Apple’s M1 Pro and M1 Max chips were a GPU-shaped warning to Nvidia and AMD last year, and now Apple has cranked up the heat with its new M1 Ultra. Apple claims it will rival Nvidia’s giant RTX 3090 graphics card, the fastest GPU on the market right now. But how does Apple think it can beat an RTX 3090? It turns out, last year’s M1 Max has some secret sauce inside.
Apple’s new M1 Ultra is a surprising combination of two M1 Max dies, fused together to create a single powerful chip. The M1 Max has a secret high-speed interface that allows Apple to combine two chips into one. The result is an M1 Ultra chip that has double the CPU cores, double the memory, double the memory bandwidth, and most importantly, double the GPU cores.

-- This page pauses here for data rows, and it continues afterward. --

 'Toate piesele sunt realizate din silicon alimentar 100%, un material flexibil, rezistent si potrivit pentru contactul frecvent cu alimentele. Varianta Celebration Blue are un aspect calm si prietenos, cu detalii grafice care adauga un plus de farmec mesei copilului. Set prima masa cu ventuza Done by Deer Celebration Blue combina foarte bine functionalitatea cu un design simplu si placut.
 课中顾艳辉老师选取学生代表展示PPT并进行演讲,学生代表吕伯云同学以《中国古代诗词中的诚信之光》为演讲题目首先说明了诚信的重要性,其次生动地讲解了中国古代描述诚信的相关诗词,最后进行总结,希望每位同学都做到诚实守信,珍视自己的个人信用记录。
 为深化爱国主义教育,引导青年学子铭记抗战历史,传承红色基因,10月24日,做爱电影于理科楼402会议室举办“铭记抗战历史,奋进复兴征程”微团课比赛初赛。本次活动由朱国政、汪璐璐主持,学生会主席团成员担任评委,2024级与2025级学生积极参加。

Apple calls this combination UltraFusion, and it’s effectively Apple’s own 2.5D chip packaging implementation. The chip industry has been turning to chiplets to design processors for years, with AMD’s Zen 2 and Zen 3-based Ryzen chips leading the pack for modern chiplet designs and until recently, performance. Apple rivals like Intel, Samsung, and Qualcomm are in the early stages of working together on a new standard that could let companies build processors out of Lego-like chiplets. Apple is ahead of the pack with a chip that fuses together two separate GPUs.
Nvidia and AMD have built similar solutions for combining two GPUs in the past, but as AnandTech points out, it looks like Apple has solved the holy grail of multi-GPU design here. Apple’s UltraFusion tech supports an impressive 2.5TB/s of bandwidth between the two M1 Max chips. That’s a huge bandwidth jump over what Nvidia offers with NVLink for SLI or AMD with Infinity Fabric, which are used as high-speed links between GPUs.
Apple’s high-speed link means the two separate M1 Max GPUs will be shown as a single GPU in macOS, allowing apps to easily tap into the combined power. That should mean apps and games don’t have to do anything special to utilize the power of the M1 Ultra, whereas games have had to natively support Nvidia’s SLI implementation on Windows in the past to see any performance improvements.
Nvidia has practically killed off multi-GPU support with its RTX 30-series, with only the RTX 3090 offering NVLink support. Combining two RTX 3090s together for productivity or gaming rigs has hugely mixed results, though. Games that natively support SLI will offer performance benefits, while most won’t offer any uplift and some will even see a performance drop.
The RTX 3090 is the fastest GPU on the market right now — until Nvidia finally delivers its delayed RTX 3090 Ti — and Apple claims the M1 Ultra can beat a single RTX 3090 while using 200 watts less of power.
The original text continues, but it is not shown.